■ Input ■
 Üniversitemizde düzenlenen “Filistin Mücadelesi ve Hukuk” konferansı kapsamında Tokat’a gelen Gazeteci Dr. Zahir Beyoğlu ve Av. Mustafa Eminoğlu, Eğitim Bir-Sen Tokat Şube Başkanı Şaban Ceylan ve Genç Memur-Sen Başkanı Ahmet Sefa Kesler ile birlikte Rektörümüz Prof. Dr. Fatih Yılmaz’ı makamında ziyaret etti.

==

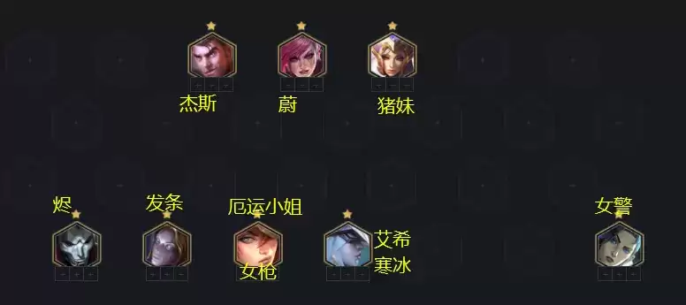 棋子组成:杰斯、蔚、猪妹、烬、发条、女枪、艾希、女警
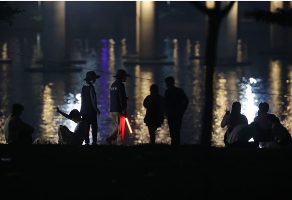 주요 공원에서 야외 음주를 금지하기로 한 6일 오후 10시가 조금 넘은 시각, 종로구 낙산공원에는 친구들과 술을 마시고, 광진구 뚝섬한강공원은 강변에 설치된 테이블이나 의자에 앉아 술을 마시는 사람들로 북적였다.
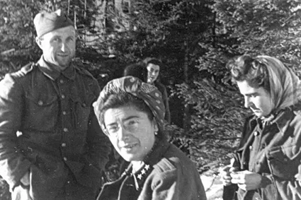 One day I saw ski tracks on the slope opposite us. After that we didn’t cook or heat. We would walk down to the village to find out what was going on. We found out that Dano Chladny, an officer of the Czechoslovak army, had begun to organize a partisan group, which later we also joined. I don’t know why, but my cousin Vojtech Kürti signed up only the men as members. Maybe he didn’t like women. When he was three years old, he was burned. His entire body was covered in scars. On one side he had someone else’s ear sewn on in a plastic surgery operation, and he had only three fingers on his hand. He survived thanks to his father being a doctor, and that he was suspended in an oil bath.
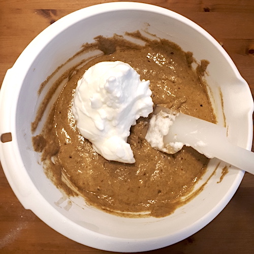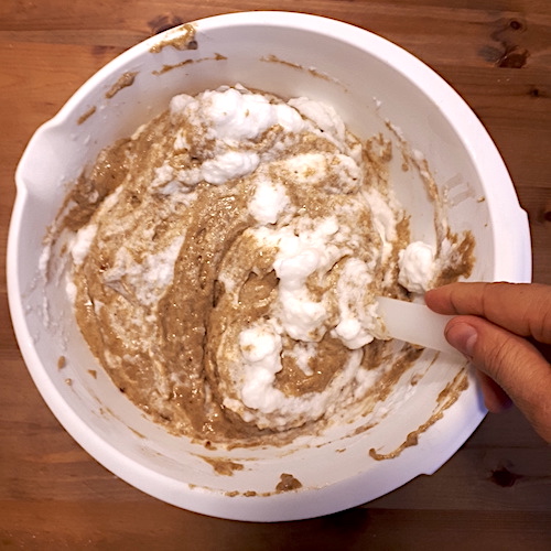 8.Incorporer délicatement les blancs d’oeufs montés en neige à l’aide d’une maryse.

==

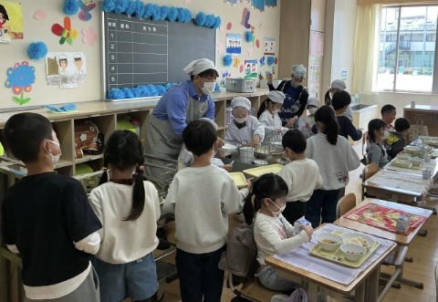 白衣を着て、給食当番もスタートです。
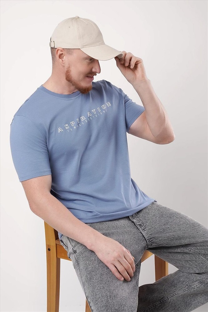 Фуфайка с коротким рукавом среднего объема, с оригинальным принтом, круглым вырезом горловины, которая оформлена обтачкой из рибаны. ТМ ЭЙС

■ What the task asks ■
Print the part of the listing above that opens with the line containing "白衣を着て、給食当番もスタートです。" and closes with the line containing "Фуфайка с коротким". Copy it exactly, both ends included, and omit the pictures.

■ Response to the exercise ■
 白衣を着て、給食当番もスタートです。
 Фуфайка с коротким рукавом среднего объема, с оригинальным принтом, круглым вырезом горловины, которая оформлена обтачкой из рибаны. ТМ ЭЙС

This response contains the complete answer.